Council member Bettye Gavin said she left a two-hour closed session with the impression that there was a consensus among council members to open the job to applicants.
“We are going to open up the process from the last I heard,” Gavin said Wednesday. “It will be an open process. I don’t know what the timetable will be.”
Apparently, it won’t be very soon because Mayor Bob O’Dekirk and others said no decision has been made on whether to advertise the job or give it to interim City Manager Martin Shanahan.
“I don’t think we’ve decided,” O’Dekirk said. “There’s no clear consensus. I think we’re going to discuss it again.”
O’Dekirk wants Shanahan promoted to city manager on a permanent basis.
Shanahan took over in October after former City Manager David Hales left, giving up a $215,000 salary after less than a year on the job.
Attempts to reach an agreement to give the job to Shanahan without opening the position to applicants fell short at the end of the council meeting Tuesday. The council then went into closed session to discuss the matter.
Some council members were reluctant to say whether any conclusion was reached in the closed session.
Council member Michael Turk said he favors posting the city manager job for applicants, but he believed the council was “going to have more discussion” on the matter.
“I think we’re going to look at the job description,” Turk said. “I think it’s a little bit outdated.”
The job description now requires a minimum of eight years of progressively responsible municipal government administrative experience. That could be viewed to exclude Shanahan, who came to Joliet as city attorney in 2014.
But the job description also allows for equivalent experience that provides the required skill for the job, and Shanahan advocates he already has proven his ability in two stints as interim city manager. He also filled in before Hales was hired.
“With all the important projects, it would be a complete distraction to change now,” council member Jan Quillman said Tuesday as she argued against posting the job for potential candidates. “We have the person sitting right here.”
Council member Larry Hug followed Quillman in promoting Shanahan for the job and accused those wanting to post the position for applicants of political motives.
Hug on Wednesday accused Gavin of “leaking” information from the closed session and said he has heard “from a number of sources that there’s several members of the council who have already picked the guy they want in there.”

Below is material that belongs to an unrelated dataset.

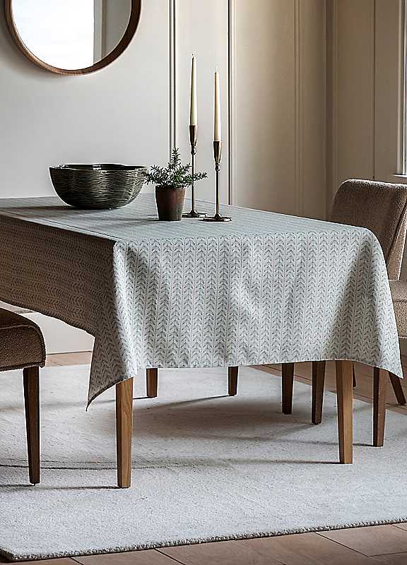 Beautifully subtle style for your table, with a clever wipe clean fabric finish for a high quality look and material guaranteed to last, offset by delicate graphic printed leaf pattern. The table cloth's wipe clean finish makes it perfect for practical use and sophisticated style, this table addition is great for entertaining.Machine washable at 30°CLine dryIron on low heat100% PolyesterSize approx. 140 x 230 cm

Gavin said she did not know of any preselected candidates for the job.
“I don’t know what Larry Hug was talking about or who he was referring to,” she said. “He never would say.”
Council member Pat Mudron, who also favors opening the job to applicants, said he does not know what potential candidates Hug believes are being targeted.
“I don’t know what names he has,” Mudron said. “He thinks we have a name because he challenges everybody.”
Mudron said he has not talked to any potential city manager candidates and has no one specific in mind.
“I would like someone with experience that is young and up and coming and has creative ideas of what cities in 2030 will be,” he said.